For example, extent allocation has some advantages with things like
delalloc (physical block allocation occurs async from buffered write
syscall time) and the fact that metadata allocs can reuse busy blocks.
The finobt only tracks existing chunks with free inodes, so it's easily
possible to have conditions where the finobt is 100% (or majority)
populated with busy inodes (whether it be one inode or several
thousand).

This raises questions like at what point does search cost become a
factor? At what point and with what frequency do we suffer the blocking
penalty? Do we opt to allocate new chunks based on gp state? Something
else? We don't need to answer these questions here (this thread is long
enough :P). I'm just trying to say that it's one thing to consider the
approach a viable option, but it isn't automatically preferable just
because we use it for extents. Further details beyond "detect busy
inodes" would be nice to objectively reason about.

> > --- 8< ---
> > 
> > diff --git a/fs/xfs/xfs_inode.c b/fs/xfs/xfs_inode.c
> > index 64b9bf334806..058e3fc69ff7 100644
> > --- a/fs/xfs/xfs_inode.c
> > +++ b/fs/xfs/xfs_inode.c
> > @@ -2644,7 +2644,7 @@ xfs_ifree(
> >  	 * already been freed by xfs_attr_inactive.
> >  	 */
> >  	if (ip->i_df.if_format == XFS_DINODE_FMT_LOCAL) {
> > -		kmem_free(ip->i_df.if_u1.if_data);
> > +		kfree_rcu(ip->i_df.if_u1.if_data);
> >  		ip->i_df.if_u1.if_data = NULL;
> 
> That would need to be rcu_assign_pointer(ip->i_df.if_u1.if_data,
> NULL) to put the correct memory barriers in place, right? Also, I
> think ip->i_df.if_u1.if_data needs to be set to NULL before calling
> kfree_rcu() so racing lookups will always see NULL before
> the object is freed.
> 

I think rcu_assign_pointer() is intended to be paired with the
associated rcu deref and for scenarios like making sure an object isn't
made available until it's completely initialized (i.e. such as for rcu
protected list traversals, etc.).

With regard to ordering, we no longer access if_data in rcuwalk mode
with this change. Thus I think all we need here is the
WRITE_ONCE(i_link, NULL) that pairs with the READ_ONCE() in the vfs, and
that happens earlier in xfs_inactive_symlink() before we rcu free the
memory here. With that, ISTM a racing lookup should either see an rcu
protected i_link or NULL, the latter of which calls into ->get_link()
and triggers refwalk mode. Hm?

> But again, as I asked up front, why do we even need to free this
> memory buffer here? It will be freed in xfs_inode_free_callback()
> after the current RCU grace period expires, so what do we gain by
> freeing it separately here?
> 

One prevented memory leak? ;)

It won't be freed in xfs_inode_free_callback() because we change the
data fork format type (and clear i_mode) in this path. Perhaps that
could use an audit, but that's a separate issue.

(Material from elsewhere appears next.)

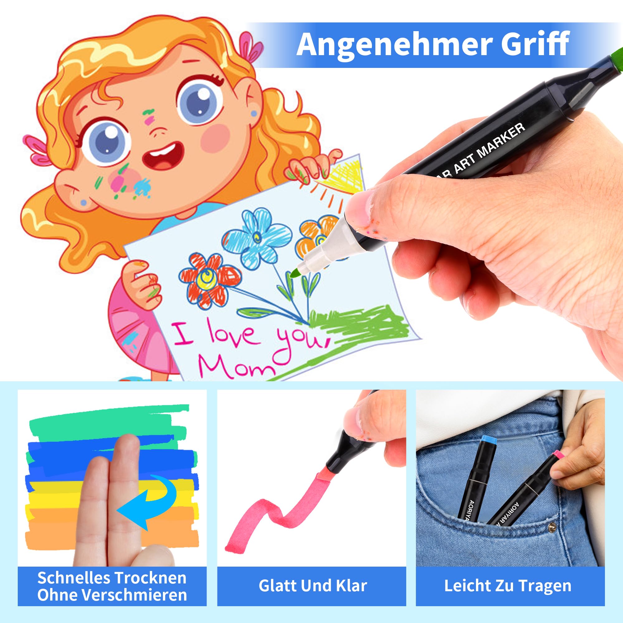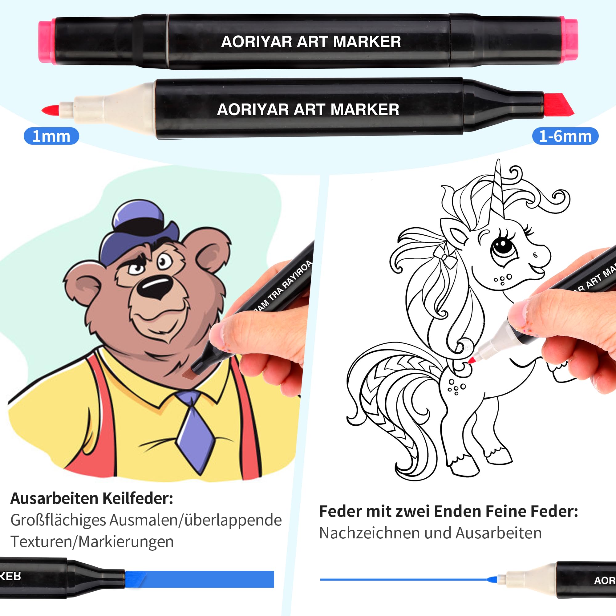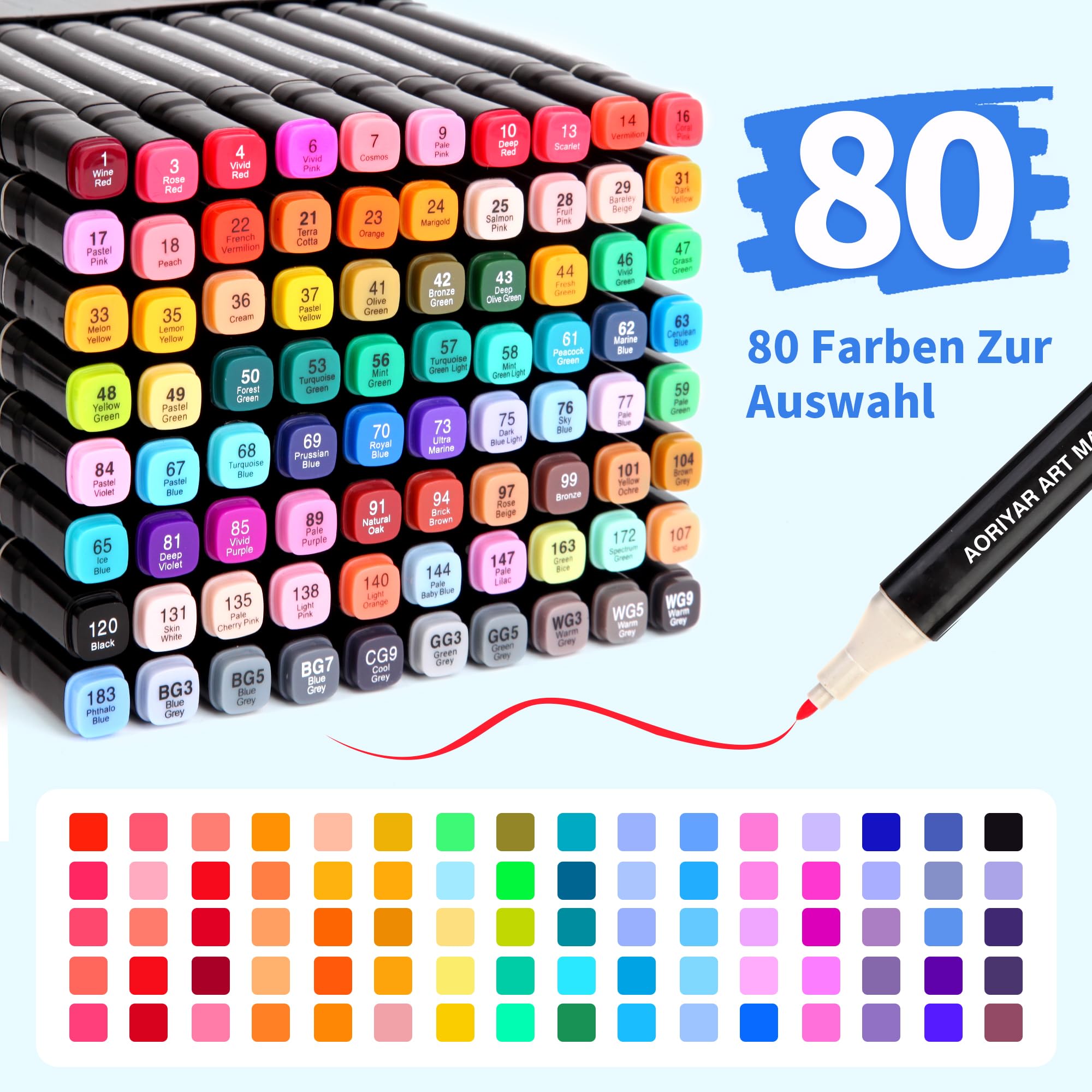 Permanentmarker in professioneller Künstlerqualität mit doppelseitigem Ende. AORIYARMARKERS hat bisher 1 Million Familien auf der ganzen Welt betreten. Von Erwachsenen und Kindern geliebt. Es wird Sie in eine bunte Welt eintauchen und das Glück geniessen, Kreativität in die Realität umzusetzen. 1. Konzentrieren Sie sich auf die Herstellung nur dieses Markers, was zu einem Beruf führt. 2. Doppelspitzen. Feine Spitze und breite Spitze für verschiedene Bedürfnisse. Glattes Schreiben. 3. Geeignet für Kinder, Studenten, Lehrer, Meister, Ausbildungsagentur. 4. Professionell für Kunstmalerei und Arten von Designs, Cartoon, Mode, Architektur, Produkt, Garten, Pop-Werbung, Inneneinrichtung usw. 5. Sie sind die perfekte Geschenkwahl für Geburtstag, Internationalen Kindertag, Halloween, Erntedankfest, Neujahr und Weihnachten. Perfekt für Kinder, Jungen, Mädchen, Studenten, Erwachsene. Perfekt für jedes Kunst- oder Hobby-Projekt sowie zum Skizzieren und Hervorheben. Perfekt für Design, Skizzen, Manga, Marker, Grafiken, Hausaufgaben, Rechnungen, Kalender, Illustrationen, Zeichnungsverzierungen, komplizierte Designs usw. Hochwertige, wasserfeste Tinte in Künstlerqualität, Ihre Farben verbinden sich natürlich ohne Unterschiede. Die universellen Farben erfüllen alle Ihre Zeichenbedürfnisse. Perfekt für Kunstmalerei und Arten von Designs, Cartoon, Mode, Architektur, Produkt, Garten, Pop-AD, Inneneinrichtung usw. Es wird Sie in eine bunte Welt eintauchen und das Glück geniessen, Kreativität in die Realität zu verwandeln. Wir möchten so vielen Menschen wie möglich die Freude an der Kunst bringen. Tipps: Alkoholtinte ist leicht zu trocknen, wenn sie nicht wieder zusammenfällt. Wie alle Alkohol-Marker anderer Marken, werden sie durch normales Färbepapier durchlaufen, ausser sehr dickes Papier, Markerpapier.
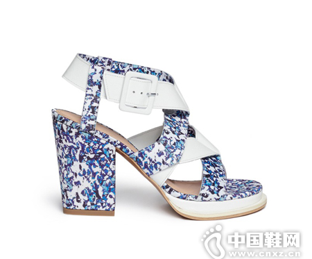 Robert Clergerie 花卉印花交叉带粗跟凉鞋,采用折叠交叉带的设计,白色和蓝色花卉印花清新素雅,镂空部分又富含性感味道,粗跟设计让您时髦亮眼的同时享受舒适与平稳。

> >  		ip->i_df.if_bytes = 0;
> >  	}
> > diff --git a/fs/xfs/xfs_iops.c b/fs/xfs/xfs_iops.c
> > index a607d6aca5c4..e98d7f10ba7d 100644
> > --- a/fs/xfs/xfs_iops.c
> > +++ b/fs/xfs/xfs_iops.c
> > @@ -511,27 +511,6 @@ xfs_vn_get_link(
> >  	return ERR_PTR(error);
> >  }
> >  
> > -STATIC const char *
> > -xfs_vn_get_link_inline(
> > -	struct dentry		*dentry,
> > -	struct inode		*inode,
> > -	struct delayed_call	*done)
> > -{
> > -	struct xfs_inode	*ip = XFS_I(inode);
> > -	char			*link;
> > -
> > -	ASSERT(ip->i_df.if_format == XFS_DINODE_FMT_LOCAL);
> > -
> > -	/*
> > -	 * The VFS crashes on a NULL pointer, so return -EFSCORRUPTED if
> > -	 * if_data is junk.
> > -	 */
> > -	link = ip->i_df.if_u1.if_data;
> > -	if (XFS_IS_CORRUPT(ip->i_mount, !link))
> > -		return ERR_PTR(-EFSCORRUPTED);
> > -	return link;
> > -}
> > -
> >  static uint32_t
> >  xfs_stat_blksize(
> >  	struct xfs_inode	*ip)
> > @@ -1250,14 +1229,6 @@ static const struct inode_operations xfs_symlink_inode_operations = {
> >  	.update_time		= xfs_vn_update_time,
> >  };
> >  
> > -static const struct inode_operations xfs_inline_symlink_inode_operations = {
> > -	.get_link		= xfs_vn_get_link_inline,
> > -	.getattr		= xfs_vn_getattr,
> > -	.setattr		= xfs_vn_setattr,
> > -	.listxattr		= xfs_vn_listxattr,
> > -	.update_time		= xfs_vn_update_time,
> > -};
> > -
> >  /* Figure out if this file actually supports DAX. */
> >  static bool
> >  xfs_inode_supports_dax(
> > @@ -1409,9 +1380,8 @@ xfs_setup_iops(
> >  		break;
> >  	case S_IFLNK:
> >  		if (ip->i_df.if_format == XFS_DINODE_FMT_LOCAL)
> > -			inode->i_op = &xfs_inline_symlink_inode_operations;
> > -		else
> > -			inode->i_op = &xfs_symlink_inode_operations;
> > +			inode->i_link = ip->i_df.if_u1.if_data;
> > +		inode->i_op = &xfs_symlink_inode_operations;
> 
> This still needs corruption checks - ip->i_df.if_u1.if_data can be
> null if there's some kind of inode corruption detected.
> 

It's fine for i_link to be NULL. We'd just fall into the get_link() call
and have to handle it there like the current callback does.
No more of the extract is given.